Alternatives to Debtor Management Found in the Bankruptcy Code

“There can be only one!”

– The Kurgan, Highlander (1986)

The Bankruptcy Code has a pretty simple menu of mutually exclusive alternatives in a chapter 11 bankruptcy to deal with questionable management: the DIP, an examiner (maybe an examiner with “special powers”), or Trustee. Bottom line, “there can be only one” with ultimate control in a chapter 11 case from the debtor’s side.

Under the Code, debtor’s counsel with the less than a snow white clean DIP is confronted with two equally unpalatable choices, either of which ultimately takes away a measure of control (by design):

  1. Fight against or allow for a trustee; or
  2. Fight against or allow for an examiner, including an examiner with “expanded powers” (again, not defined in the Code).

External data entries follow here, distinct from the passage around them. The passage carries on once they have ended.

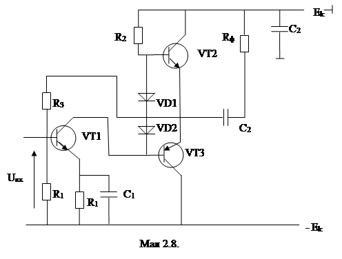 Варіант схеми безтрансформаторного ДПП на транзисторах різної провідності зображен на мал.2.8.
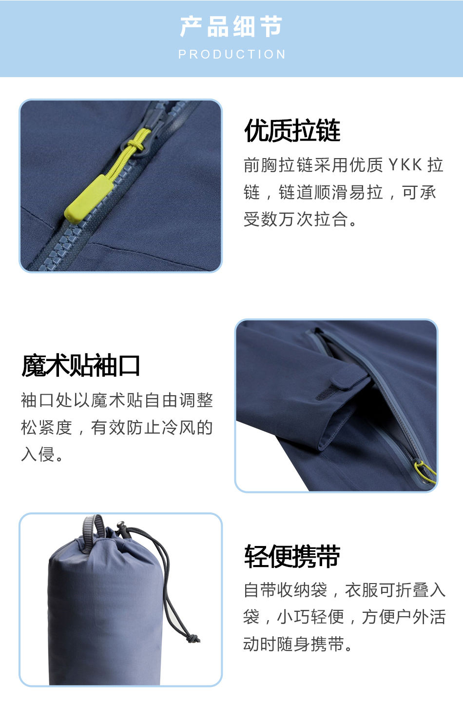 優(yōu)質(zhì)拉鏈:前胸拉鏈采用優(yōu)質(zhì)YKK拉鏈,鏈道順滑易拉,可承受數(shù)萬次拉合。
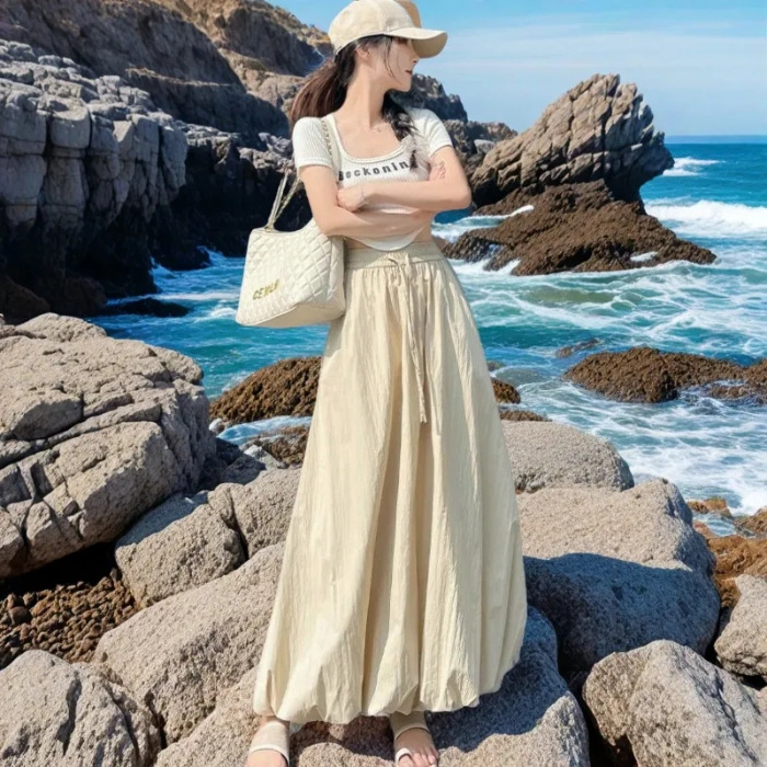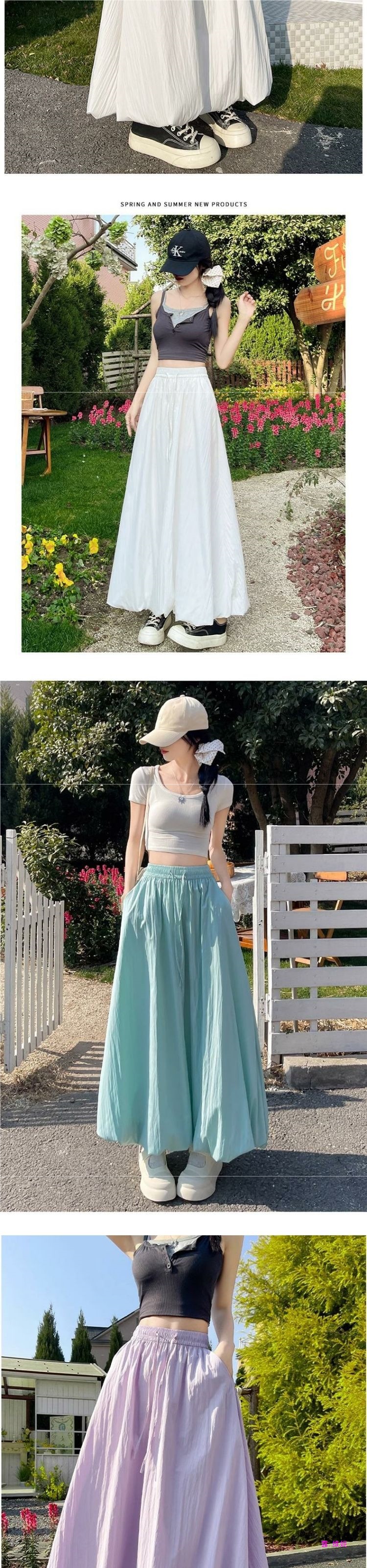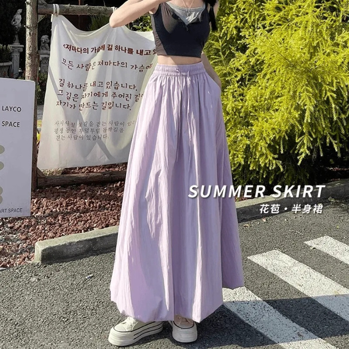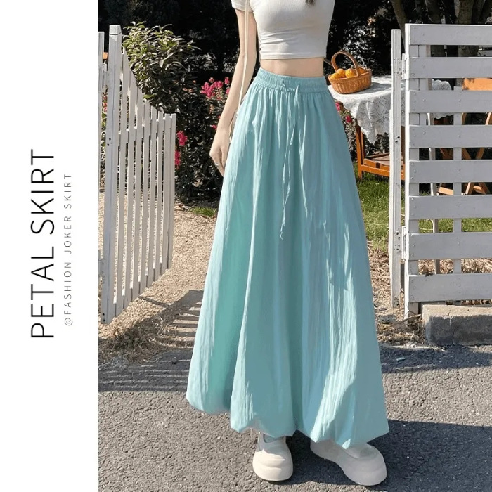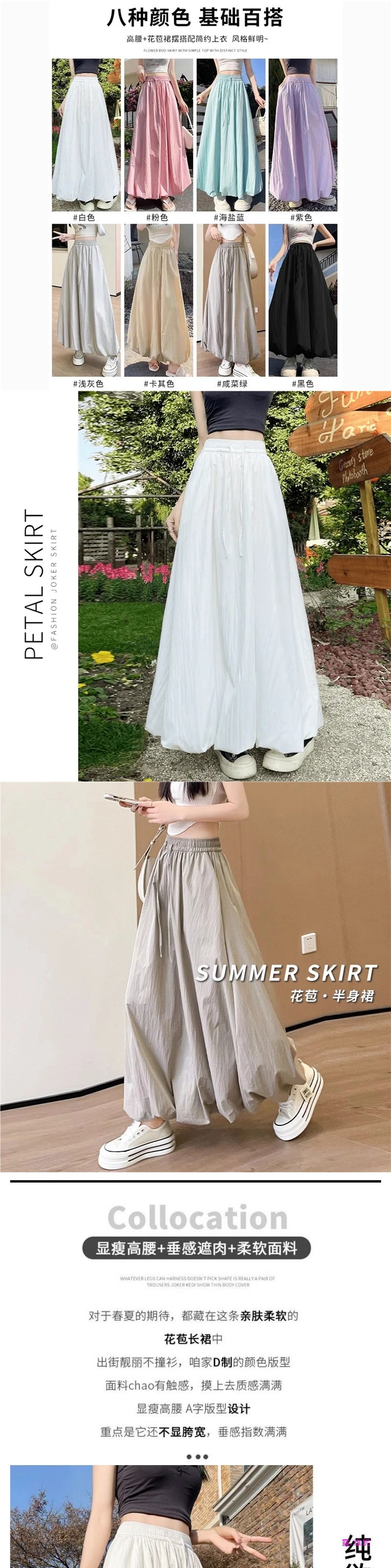 여성용 푹신한 버드 스커트 여름 얇은 2025 하이 웨이스트 우산 스커트 9부 중간 길이 랜턴 스커트스토어 가기

While the DIP continues with an examiner, it is still undeniably an intrusion into the DIP role as the examiner roots about investigating whatever it is they are empowered to examine. Examiners are often viewed as the opening act in the trustee appointment drama as the examiner report is used as the “road map” for trustee appointments.1

Clever bankruptcy professionals have never been folks to simply choose from the Code’s menu. Hence, the early creation of the “channeling injunction plan trusts.”2 So, it should come as no surprise that bankruptcy professionals would pioneer ways to open new avenues for managing chapter 11 cases.

“Fiduciary for Hire” (aka the CRO)

“I cheated.”

– Adm. James T. Kirk, Star Trek II: The Wrath Of Kahn (1982)

Faced with a few less than ideal choices, seasoned bankruptcy professionals created their own alternative, and bankruptcy courts have largely bought into it. One such invention coming into vogue over the last 10-15 years is the Chief Restructuring Officer (“CRO”) or the establishment of “independent” board seats or committees to put some distance between the debtor’s management that may have done questionable things and scrutiny going forward.3 For ease of reference we shall refer to both of these as the “CRO” as the concepts are the same. The CRO is not a creature mentioned in the Code, and not the subject to any Code section.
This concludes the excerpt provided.